Anybody know where I can get a Freesat HD box in Cork? Possibly with installation. Just to avoid confusion, I'm not talking about free-to-air or freeview but true Freesat HD as defined here www.freesat.co.uk  i.e. a full EPG, HD channels etc - Thanks.


----------



## pup (15 Oct 2008)

Hi Squonk,  I think you will have to go across the border and pick up a freesat decoder and get someone locally to put up the disk. There is only two HD channels. They broadcast 1080i and not true hd 1080p.


----------



## chipie (15 Oct 2008)

www.iwantabox.com
i was only looking at one tonite..seems like der are plenty of staions on them


----------



## Squonk (15 Oct 2008)

Thanks for that link...I also found one here http://www.satellite.ie/acatalog/Freesat_HD_Box.html


----------



## z105 (15 Oct 2008)

BBC and ITV are on HD 1080i, but Channel 4 are soon to go HD on the freesat as their contract ends with Sky at end of October. Film4 and Film4 +1 are due to go HD early next year apparentely.


----------



## Technologist (19 Oct 2008)

chipie said:


> www.iwantabox.com
> i was only looking at one tonite..seems like der are plenty of staions on them


I wouldn't touch that site with a bargepole. 

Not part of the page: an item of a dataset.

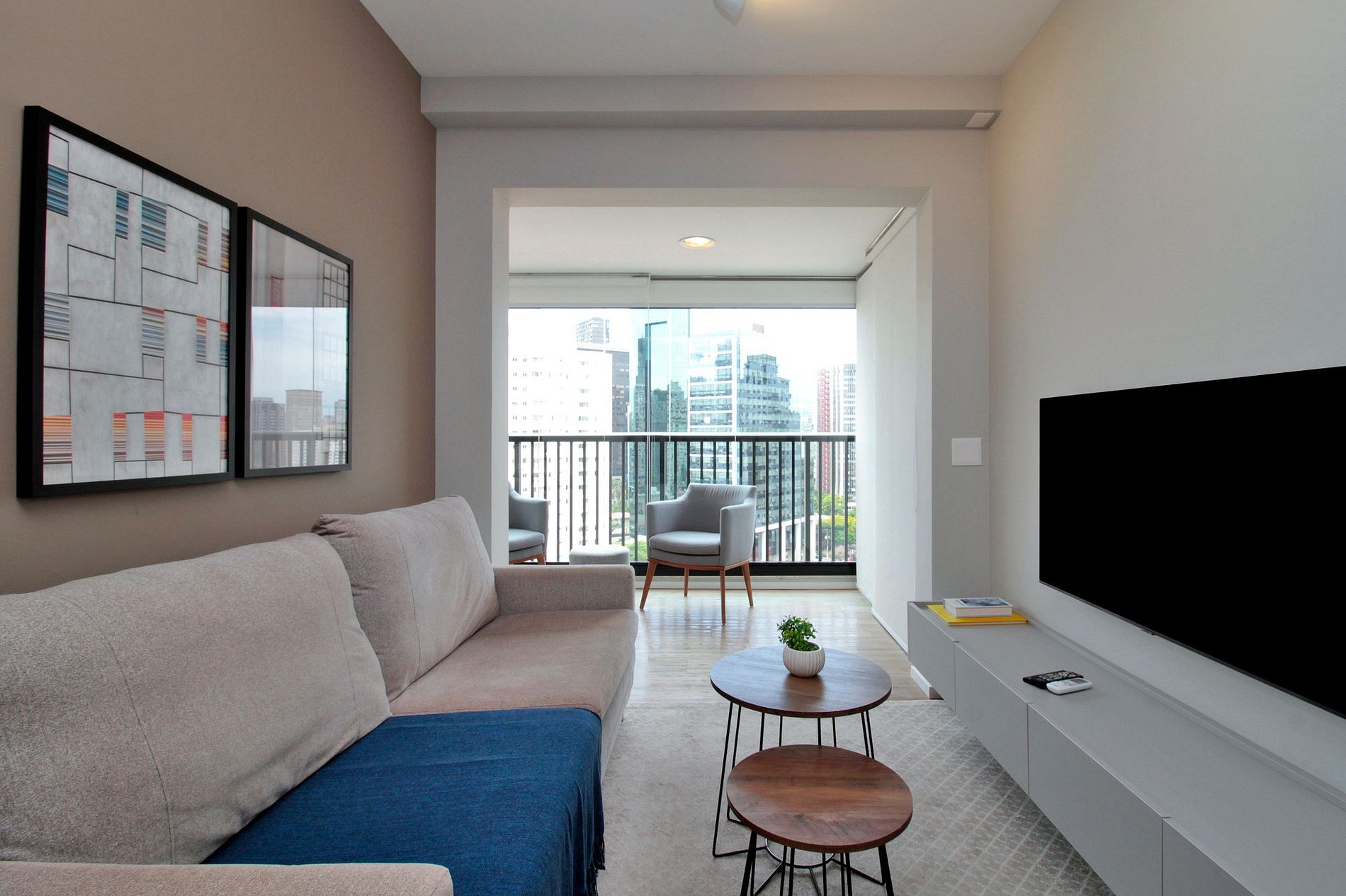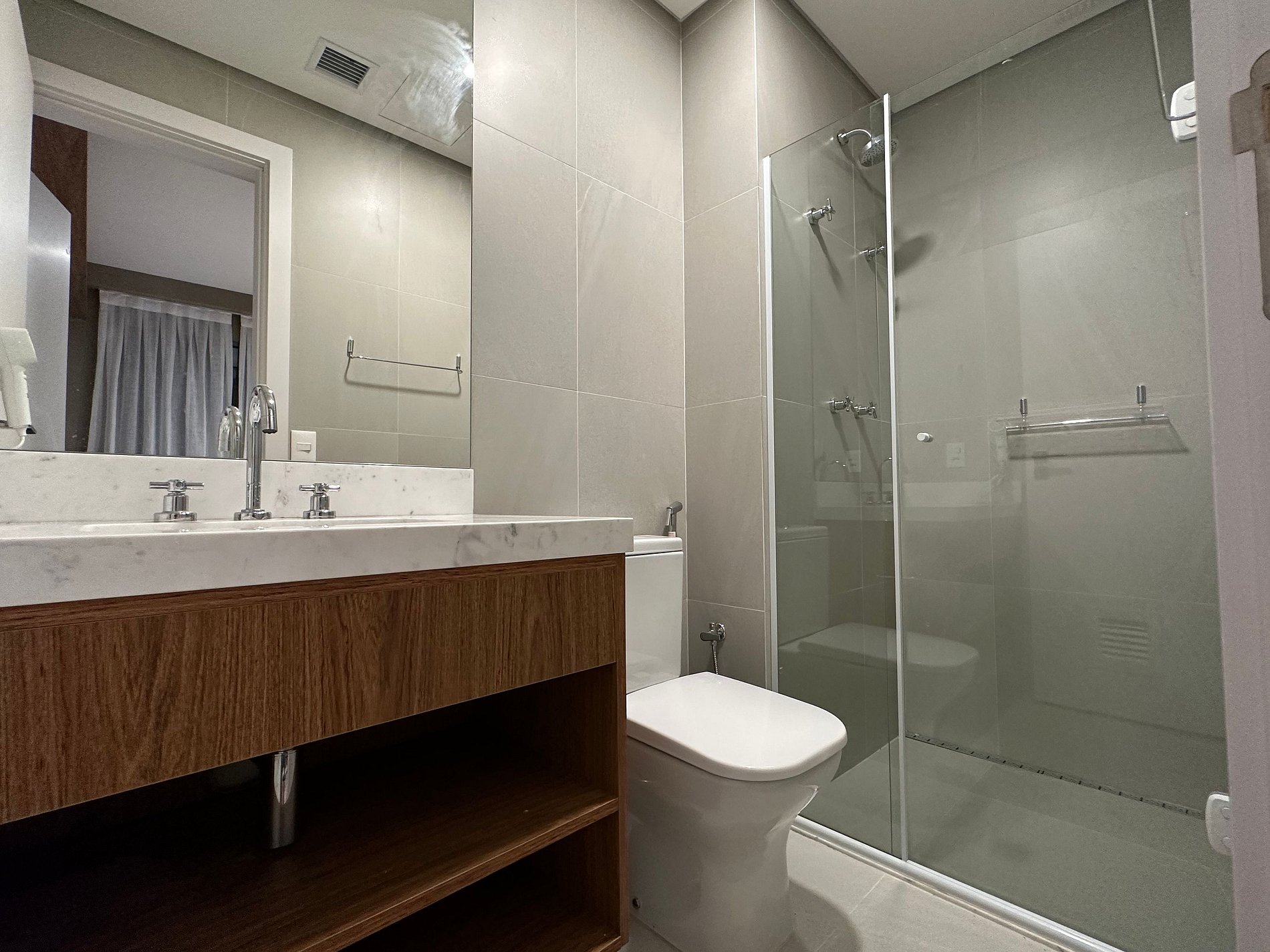 Possui suíte, varanda agradável, ar-condicionado, cortina blackout, Wi-Fi, TV Smart, lava e seca, enxoval exclusivo, cozinha equipada e mesa para home office.

Find a reliable source for Freesat HD boxes such as Irish web sites (satellite.ie, freesat.ie etc) or Argos in Northern Ireland.

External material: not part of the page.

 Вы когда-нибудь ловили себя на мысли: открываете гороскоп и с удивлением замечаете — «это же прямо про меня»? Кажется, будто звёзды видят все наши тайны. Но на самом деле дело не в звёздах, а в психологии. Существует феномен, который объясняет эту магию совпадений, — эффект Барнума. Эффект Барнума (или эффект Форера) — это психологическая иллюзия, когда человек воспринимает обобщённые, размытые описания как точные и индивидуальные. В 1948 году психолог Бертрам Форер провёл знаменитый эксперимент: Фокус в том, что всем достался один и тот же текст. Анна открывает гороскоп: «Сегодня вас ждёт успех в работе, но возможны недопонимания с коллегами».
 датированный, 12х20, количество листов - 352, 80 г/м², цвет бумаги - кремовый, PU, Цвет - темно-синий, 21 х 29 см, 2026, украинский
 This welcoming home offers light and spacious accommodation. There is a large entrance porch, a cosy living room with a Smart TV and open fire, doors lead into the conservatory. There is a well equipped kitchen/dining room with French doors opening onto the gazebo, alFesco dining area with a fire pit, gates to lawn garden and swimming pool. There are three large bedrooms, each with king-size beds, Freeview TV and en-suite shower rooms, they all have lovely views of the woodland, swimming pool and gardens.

But, it might be a good idea to wait for Freesat HD boxes with PVR features, coming soon.


----------



## Marantze (20 Oct 2008)

Technologist said:


> I wouldn't touch that site with a bargepole.
> 
> Find a reliable source for Freesat HD boxes such as Irish web sites (satellite.ie, freesat.ie etc) or Argos in Northern Ireland.
> 
> But, it might be a good idea to wait for Freesat HD boxes with PVR features, coming soon.


I have done business with iwantabox.com and found them to be great to deal with over a two year period


----------



## Technologist (21 Oct 2008)

marantze said:
			
		

> I have done business with iwantabox.com and found them to be great to deal with over a two year period



I cannot think of any legitimate use for the cable boxes they sell.


----------



## Marantze (23 Oct 2008)

Technologist said:


> I cannot think of any legitimate use for the cable boxes they sell.

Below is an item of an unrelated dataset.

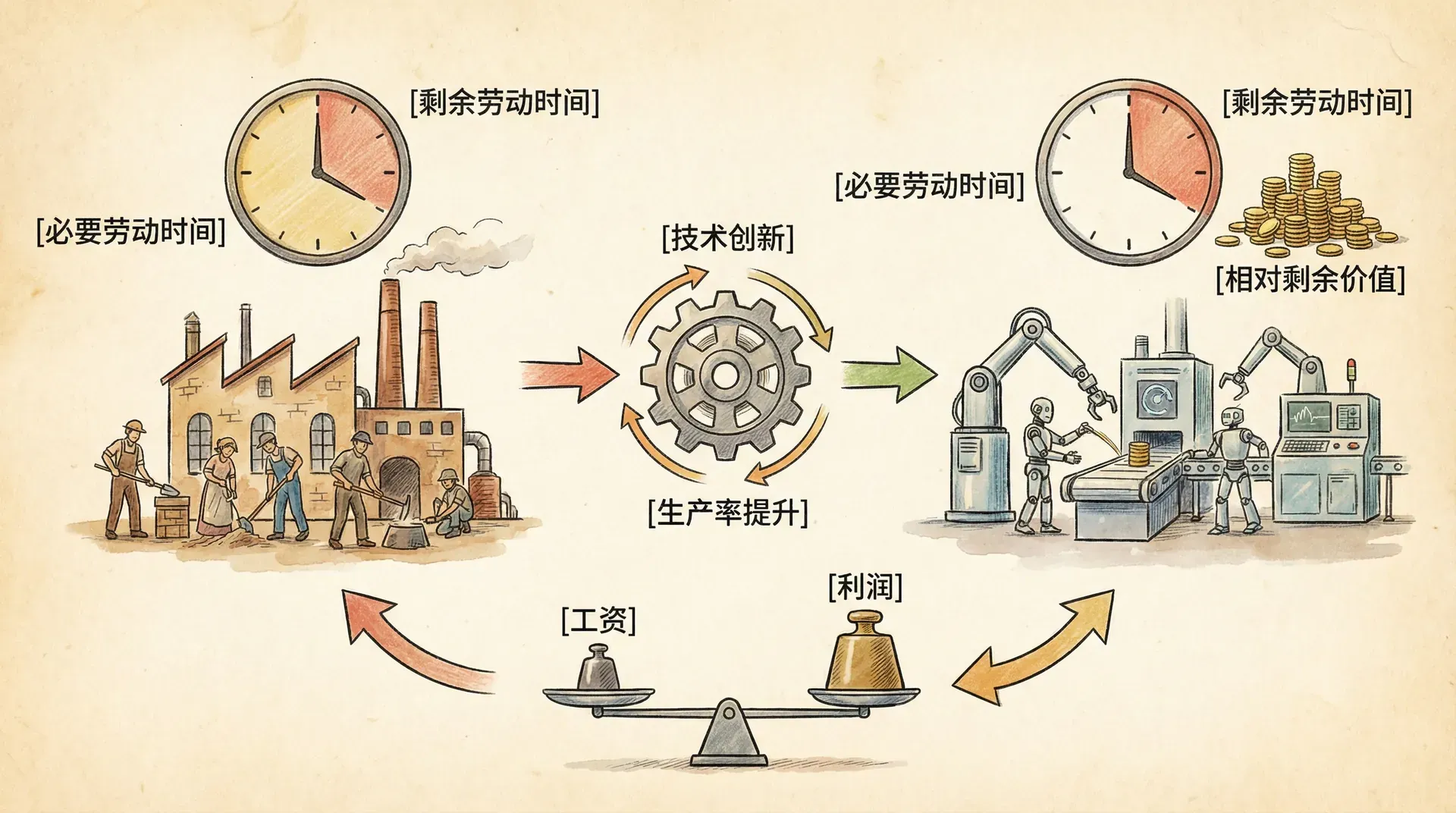 通过对绝对剩余价值与相对剩余价值的深入分析,我们能够更加全面地把握现代经济发展的内在逻辑,理解企业行为的根本动机和劳动关系的深层变化。这一理论不仅深刻揭示了资本主义生产关系的本质特征,还为我们解读工资变化、生产率提升、技术创新以及产业结构调整等当代经济现象提供了科学的分析工具,有助于辨析经济运行中的各种新趋势和新挑战。

Who said I purchased Cable boxes from them, I did not say that,what I said was that I done some business with them,and I found them to be very good and professional at what they do.


----------



## mik_da_man (29 Oct 2008)

Maplins in Blackpool sell the boxes you require


----------



## Squonk (30 Oct 2008)

I see now that Tesco are selling freesat boxes and installation under the name "sat4free". The price is EUR300 for a standard box + dish+installation or pay an extra EUR100 for the HD version. See [broken link removed]


----------



## Pique318 (31 Oct 2008)

Technologist said:


> I cannot think of any legitimate use for the cable boxes they sell.


Um, watching cable TV ?


----------



## z105 (6 Nov 2008)

> €260.




You can get them in Argos or Dixons in Newry for Stg 150.00 if you know anyone heading that direction of course?

You will need a GB postcode to operate this Humax HD box too, any one will do.


----------